Piggy-Back. In this month's show we bring you the first of many interviews recorded at the National Astronomy Meeting. We talk to Dr Jayne Birkby about Hot Jupiter planets, Dr Nick Cross about a billion star image, Phil Bull about dark energy and Dr Dan Brown and John Tanner about light pollution in the Peak District. Plus, Megan rounds up the latest news and we find out what's in the May night sky from Ian Morison and John Field.

The News

In the news this month:

Interview with Dr Jayne Birkby

Dr. Jayne Birkby from the University of Cambridge talks us about her work regarding hot Jupiter type planets orbiting low-mass dwarf stars. Hot Jupiter's were first discovered in 1995 and since then there have been many questions about how exactly they form and what they can tell us about planet formation as a whole. Dr. Birkby explains how her work in particular with the WFCAM transit survey and the United Kingdom Infra-Red Telescope on Hawaii will help planet formation scientists choose between two competing planet formation theories. She also explains how her research will aid in the understanding of why hot Jupiter's end up so close to their parent star.

Interview with Dr Nick Cross

Dr Nick Cross works on producing, cataloguing and analysing wide-field infra-red images of the cosmos at the University of Edinburgh. These images form detailed surveys recording a huge number and variety of astronomical objects, and in this interview Nick talks about an infra-red image composed of 150 billion pixels, which made headlines for capturing a billion stars. Covering the plane and part of the bulge of our Galaxy, it consists of thousands of smaller pictures stitched together, each observed with either the UKIRT or VISTA instruments. Nick reveals that this is much more than just a pretty picture: when complete, the archive will also show the sky at various times, allowing distances to variable stars to be calculated. Astronomers from all over the world will be able to search a database of objects in the image and download the observations of those that interest them, including many extragalactic objects such as quasars. As Nick explains, the biggest advantage of using infrared wavelengths is that they penetrate cosmic dust much more than visible light does, allowing us to see through the centre of the Milky Way to the other side of its disc.

Interview with Phil Bull

Phil Bull (PhD student, Oxford University), talks to us about what dark energy is and what the "dark energy problem" is. He goes on to tell us about theories of what dark energy could be including quantum mechanical effects and modified gravity theories. He also tells us about the assumption of homogeneity of the universe. Phil also refers to type IA supernovae in his interview.

Interview with Dr Dan Brown and John Tanner

John Tanner from the Peak District National Park and Dr Dan Brown from Nottingham Trent University gave a talk at NAM where they presented the outcomes of raising awareness of light pollution.

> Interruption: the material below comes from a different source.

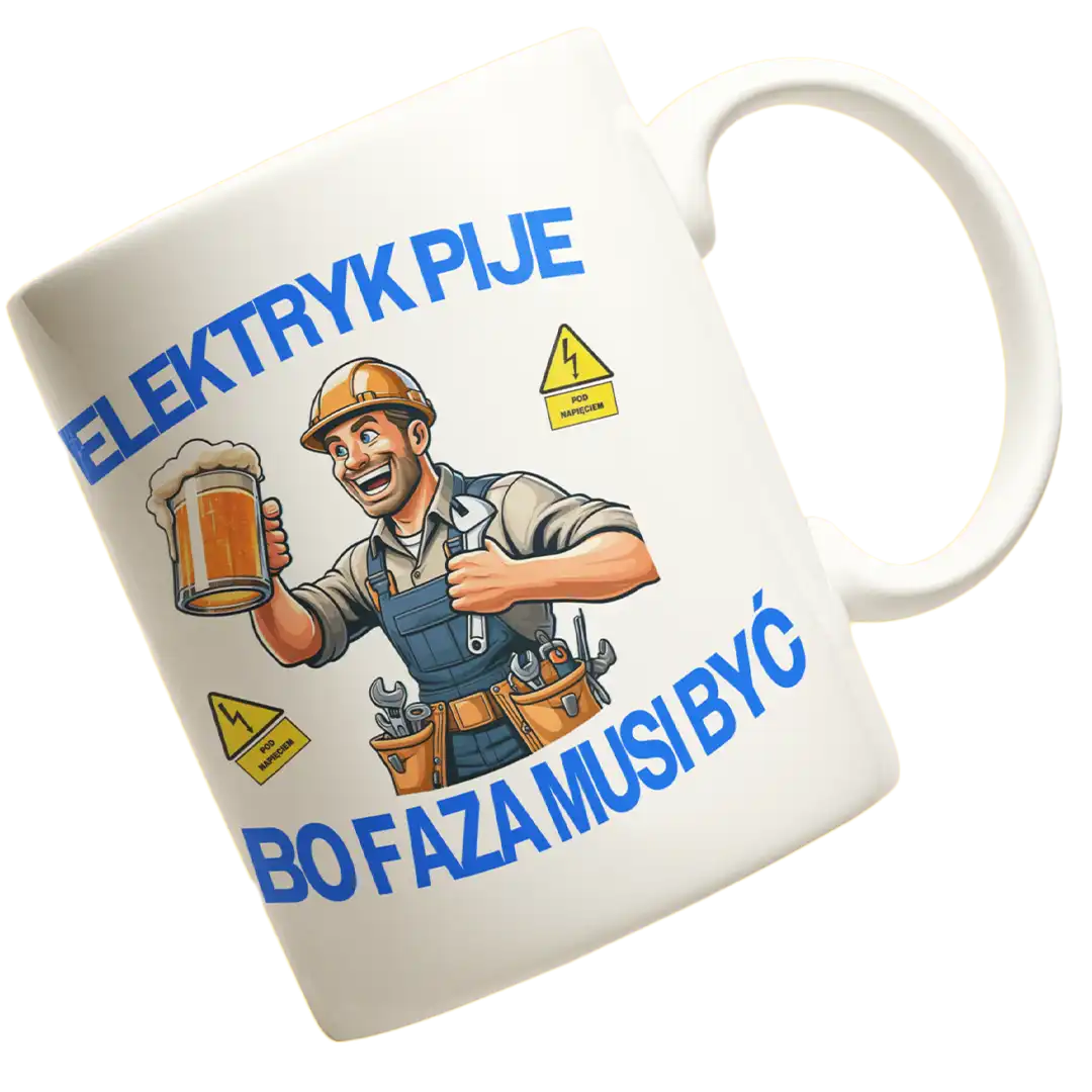 KUBEK NADRUKIEM ELEKTRYK PIJE BO FAZA MUSI BYĆ DLA ELEKTRYKA SUPER PREZENT

They discuss how well the message of light pollution has been spread and describe the events that they have done to promote awareness of light pollution as well as some future events including the Peak Star Party. In their interview, they also mention Dark Sky Discovery.

The Night Sky

Northern Hemisphere

Ian Morison tells us what we can see in the northern hemisphere night sky during May 2012.

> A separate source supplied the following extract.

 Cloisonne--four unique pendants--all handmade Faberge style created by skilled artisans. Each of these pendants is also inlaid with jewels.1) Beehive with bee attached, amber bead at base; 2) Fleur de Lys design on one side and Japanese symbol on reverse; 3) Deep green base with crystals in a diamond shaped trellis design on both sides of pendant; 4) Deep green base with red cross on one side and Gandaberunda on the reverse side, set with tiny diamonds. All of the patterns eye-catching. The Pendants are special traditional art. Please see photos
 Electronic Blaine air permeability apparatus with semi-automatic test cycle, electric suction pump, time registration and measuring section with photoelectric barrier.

Leo, looking like one of the lions in Trafalgar Square, lies to the south-west in the evening this month, while the constellation Virgo with the bright star Spica lies in the south. East from Leo is the cluster of galaxies called the Virgo Cluster. Many of these galaxies can be seen using small telescopes. East of that is the star Arcturus in the constellation Boötes and the circlet of stars called Corona Borealis. Further east is the constellation of Hercules. The four brightest stars in Hercules make up what is called the Keystone, and located two thirds of the way up the right-hand side of the Keystone is M13, a globular cluster visible with binoculars or a small telescope. Rising in the east in the early evening are the constellations Cygnus, Lyra and Aquila. Ursa Major is located directly overhead.

The Planets

Highlights

Southern Hemisphere

John Field from the Carter Observatory in New Zealand speaks about the southern hemisphere night sky during May 2012.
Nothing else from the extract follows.